* Goal of the exercise
Where in the data below does the word "امام" appear? Copy each line that holds it.

■ ■ ■ ■ ■

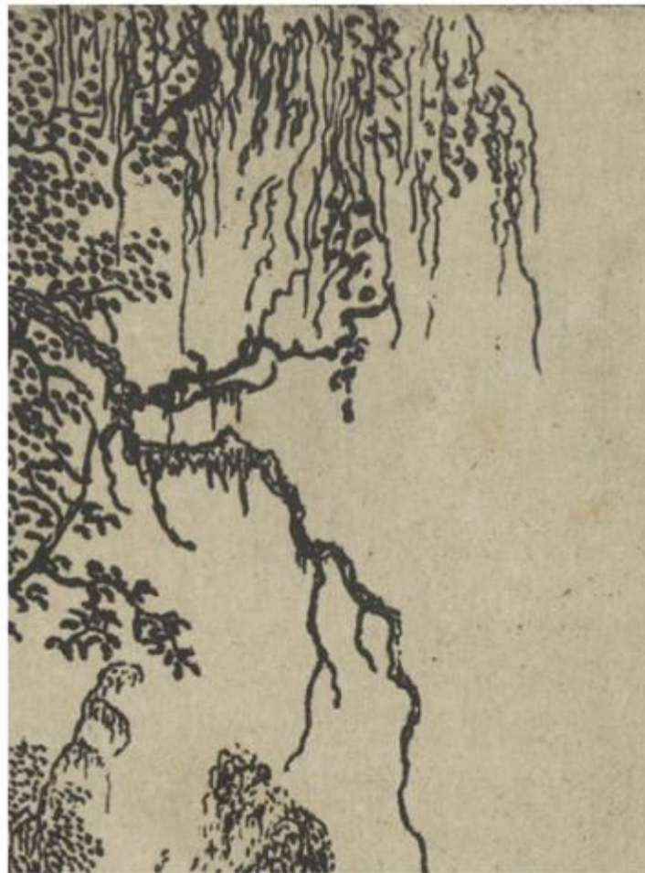
Hercules Segers, Strada con alberi, una città sullo sfondo, e dettaglio, ca. 1622-1625, Amsterdam, Rijksmuseum.

Una strada con alberi a sinistra, una cittadina in lontananza, tutto sembra apparentemente molto normale. Ma il segno è immediato e fluido come un disegno a pennino, non vi sono chiaroscuri, sfumature o toni. Non può essere un segno nato da bulino, puntasecca o acquaforte... siamo di fronte a qualcosa di totalmente nuovo.
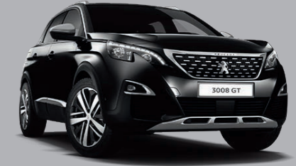
Perla Nera Schwarz
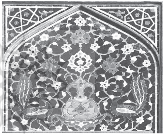
نقش دو طاووس در دو طرف کوزه آب حیات درخت زندگی، مسجد امام اصفهان، دوره شاه عباس صفوی

این نقش از جمله نقوشی است که در تزئینات مساجد و اماکن مذهبی دوره صفویه حضوری چشمگیر دارد؛ چنانکه در تزئینات ایوان ورودی مسجد امام اصفهان، تزئینات سردر ایوان ورودی، امامزاده هارونیه و مدرسه چهارباغ دیده میشود. این نقش همچنین در کاشیکاریهای کلیسای وانک، نمای بیرونی کاخ هشت بهشت و سردر بعضی بناها در خیابان هارونیه اصفهان دیده میشود. علل حضور این نقش بر پیشانی ایوان ورودی مساجد، مدارس دینی و امامزاده‌ها، در عصر صفویه بویژه در اصفهان، این بوده که علاوه بر اینکه طاووس را یک مرغ بهشتی میدانستند، شاید بعنوان دربان و راهنمای مردم به مسجد هم لحاظ میکردند (همان: ۲۶).
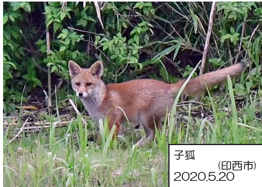
子狐 (印西市) 2020.5.20
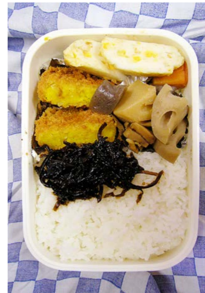
07/03/19/mon かぼちゃコロッケ/筑前煮/コーン天ぷら/昆布のつくだ煮
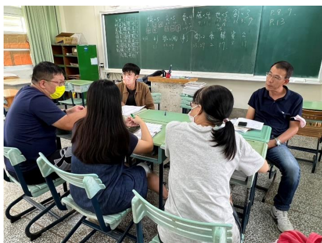
地理、歷史、公民三科教師透過備課、觀課、議課的方式，挑選主題分別進行教學
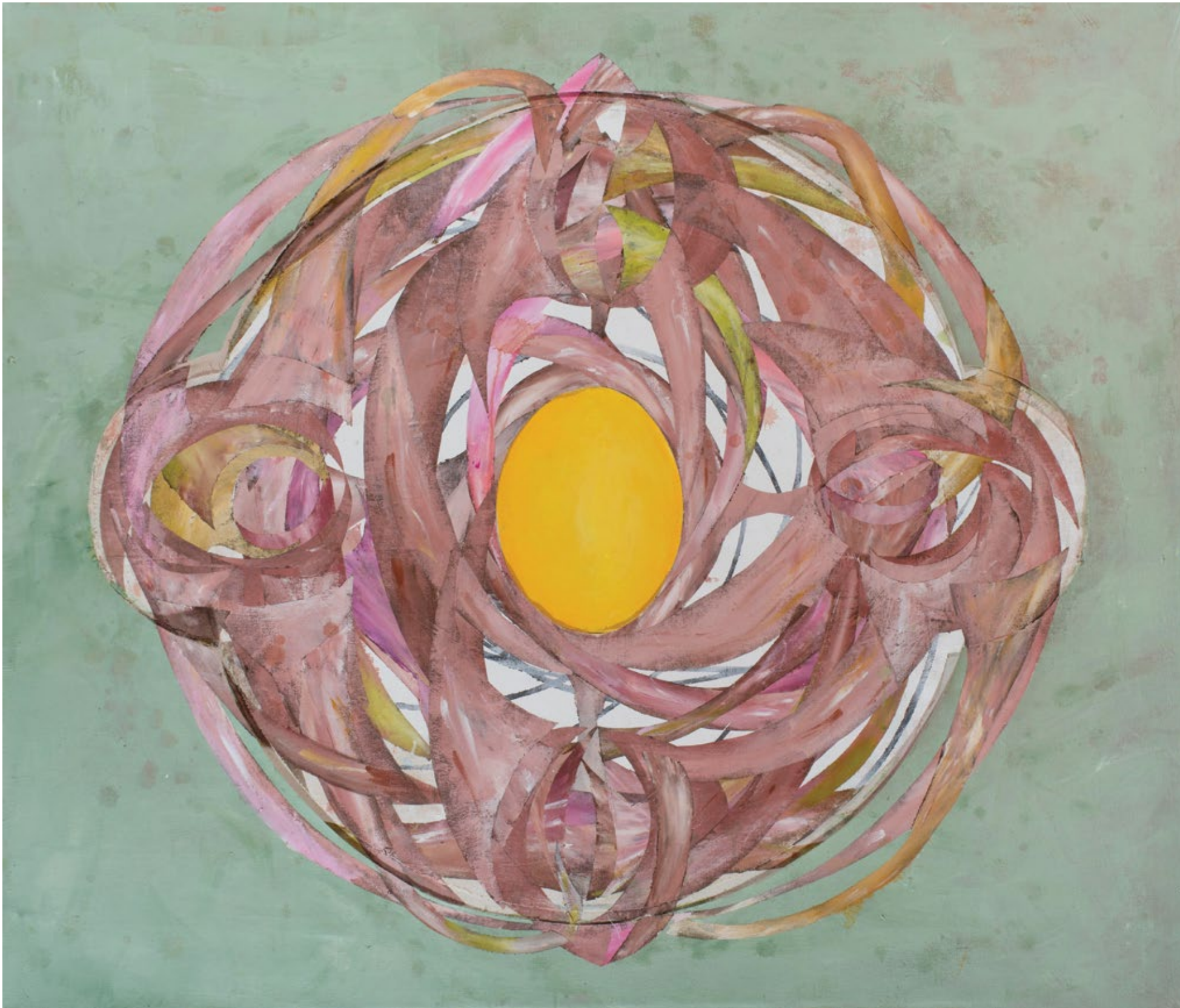
Камеја у пламену – Вихор огледала / Cameo Burst – Swirling Flesh of the Mirror 2019, акрилна боја на платну / acrylic paint on canvas, 120 x 140 cm
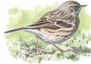
● Bisbita pratense ( Anthus pratensis ) Meadow Pipit
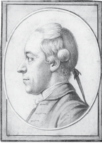
Abb. 15. Januarius Zick am 19. Juli 1774.
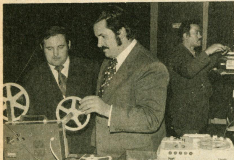
Člani Foto-kino kluba MAVRICA pri montiranju posnetih filmov

V zimskih in pomadanskih mesecih leta 1974 so priredili za člane kluba več predavanj o foto in kino tehniki, kompoziciji, filmski estetiki in vzgoji.
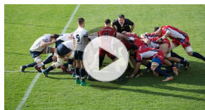
"Crunch 2018" : rugby en faveur des blessés des armées
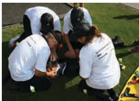
Cvičení v poskytnutí první pomoci

cvičení poskytnutí první pomoci družstva hasičů z Ratiboře a Kravař v rámci projektu „BEZPEČNOST BEZ HRANIC“. Předmětem projektu, který byl zahájen v loňském roce, je prostřednictvím spolupráce mezi městy Kravaře a polskou Ratiboří vytvořit podmínky pro vzájemné sblížení se obyvatelstva na obou stranách hranice, zejména ve spojení s problematikou poskytování první pomoci a s řešením mimořádných krizových událostí. Projekt je spolufinancován z prostředků Evropského fondu pro regionální rozvoj - z Fondu mikroprojektů v Euroregionu Silesia v rámci Operačního programu přeshraniční spolupráce Česká republika – Polská republika 2007 – 2013. Během akce byly účastníkům a veřejnosti věnovány drobné publikační a propagační materiály projektu.
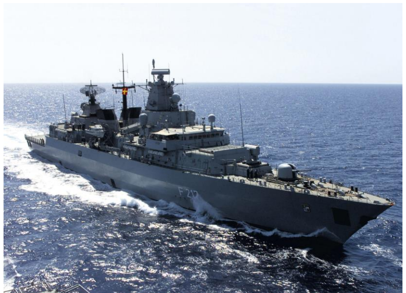
Die Fregatte Bayern während der Operation Enduring Freedom

Deutlich achtsamer verhalten sich Bundesregierung und Bundeswehr in Beziehung zu China. Das erzeugt zunehmend Irritationen bei Deutschlands Partnern in der Region. Pekings Verhalten gegenüber regionalen Anrainern steht nicht im Einklang mit dem Seerechtsübereinkommen. Peking erhebt strittige Territorialansprüche auf die von Japan verwalteten Senkaku-/Diaoyu-Inseln im Ostchinesischen Meer und darüber hinaus auf den Großteil des Südchinesischen Meeres – wobei das beanspruchte Gebiet auch die souveräne Republik Taiwan umfasst. Der Internationale Schiedshof in Den Haag hat am 12. Juli 2016 festgestellt , dass die Ansprüche Pekings nicht mit dem
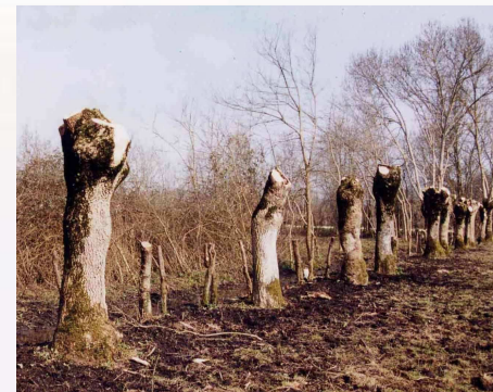
Taille de têtards
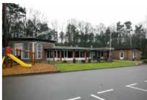
Nieuwe vergaderlocatie: ECHOS Home „De Schakel” aan de Leuvenumseweg 68, 3852 AS te ERMELO

Neem afslag 12 richting Ermelo richting N303, rijd 400m Sla rechtsaf naar de Oranjelaan/N303, Ga verder op de N303, ga rechtdoor over 4 rotondes, rijd 3,4 km Neem op de rotonde de 3e afslag naar Leuvenumseweg, rijd 1,3 km Sla rechtsaf richting Leuvenumseweg, u vindt de locatie rechts.
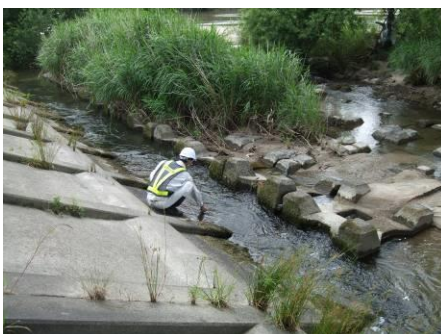
写真 45 No.44 地点 矢作川下流 米津橋・右岸 (6/4 採水)
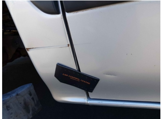
2. Zijwand - achter - rechts
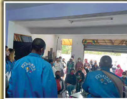
Doação de alimentos para moradores do Jardim Turquesa
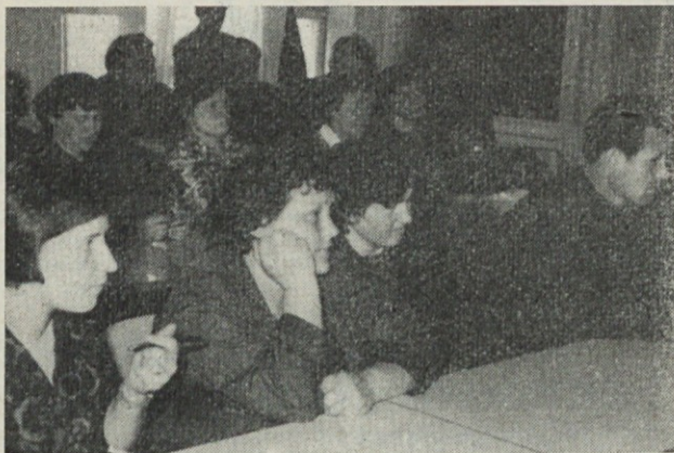
Člani OO ZK Induplati na konferenci

Gostje iz Ljubljane in Domžal na konferenci. Nejasni termini. Samo 53 % članov je zaposlenih v direktni proizvodnji
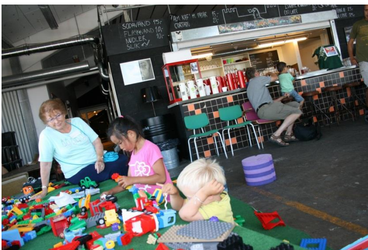
legehjørnet i cafeen
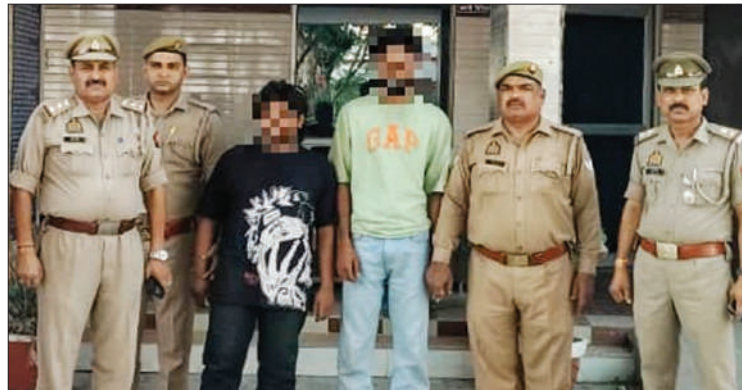
राष्ट्रविरोधी गतिविधियों में गिरफ्तार जीजा-साले
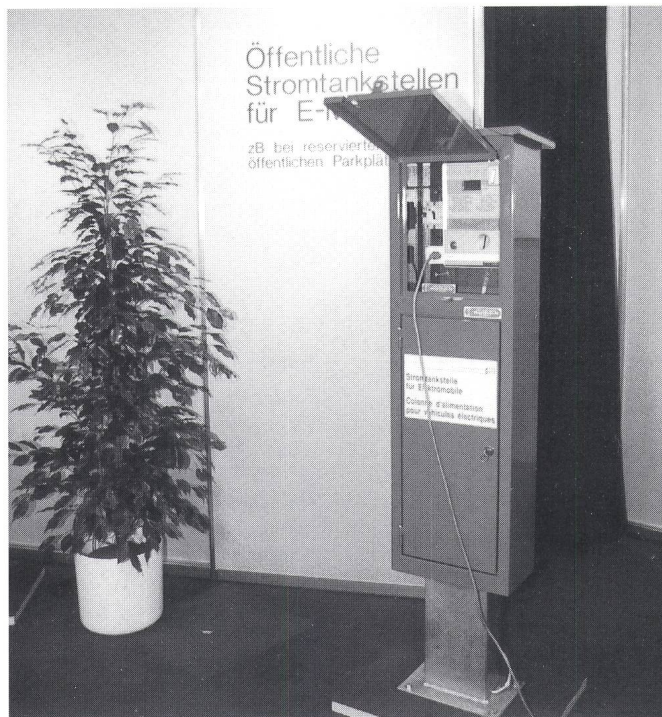
Am 2. Solarmobilsalon in Basel stellte der VSE eine von ihm entwickelte «Stromtankstelle» für Elektromobile vor.

Les colonnes d'alimentation sont équipées d'un compteur à prépaiement et d'un compteur d'électricité étalonné ainsi que des coupe-circuit et disjoncteurs nécessaires. Branchées sur une prise de courant normale (220 V), les batteries du véhicule se rechargent après introduction de la monnaie dans le compteur. La colonne d'alimentation peut aisément être utilisée dans des parcs de sta-
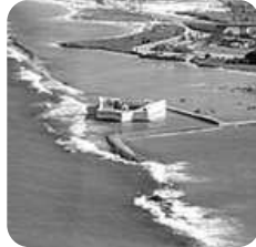
Forte dos Reis Magos, no Rio Grande do Norte.
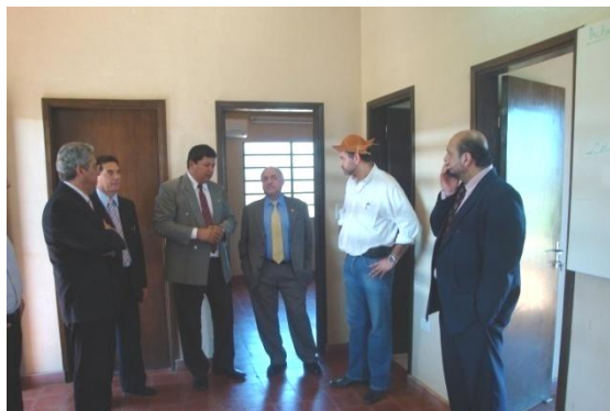
El Rector, Decanos y autoridades de la UNA, reciben información referente a las actividades desarrolladas en las obras recepcionadas

En el Campo Experimental de la FCA/UNA se realizó el acto de recepción de las obras realizadas por la Facultad de Ciencias Médicas (FCM) como complementarias, compensatorias y de mitigación de los efectos del Proyecto de Traslado, Fortalecimiento y Construcción del Nuevo Hospital de Clínicas en el Campus Universitario, en cuyo contexto esta Facultad cedió parte de su predio, dedicado a la implantación de trabajos de investigación, tesis y actividades prácticas de las Carreras ofrecidas en la Casa Matriz.

■ ■ ■ ■ ■

* Answer to this problem
نقش دو طاووس در دو طرف کوزه آب حیات درخت زندگی، مسجد امام اصفهان، دوره شاه عباس صفوی
این نقش از جمله نقوشی است که در تزئینات مساجد و اماکن مذهبی دوره صفویه حضوری چشمگیر دارد؛ چنانکه در تزئینات ایوان ورودی مسجد امام اصفهان، تزئینات سردر ایوان ورودی، امامزاده هارونیه و مدرسه چهارباغ دیده میشود. این نقش همچنین در کاشیکاریهای کلیسای وانک، نمای بیرونی کاخ هشت بهشت و سردر بعضی بناها در خیابان هارونیه اصفهان دیده میشود. علل حضور این نقش بر پیشانی ایوان ورودی مساجد، مدارس دینی و امامزاده‌ها، در عصر صفویه بویژه در اصفهان، این بوده که علاوه بر اینکه طاووس را یک مرغ بهشتی میدانستند، شاید بعنوان دربان و راهنمای مردم به مسجد هم لحاظ میکردند (همان: ۲۶).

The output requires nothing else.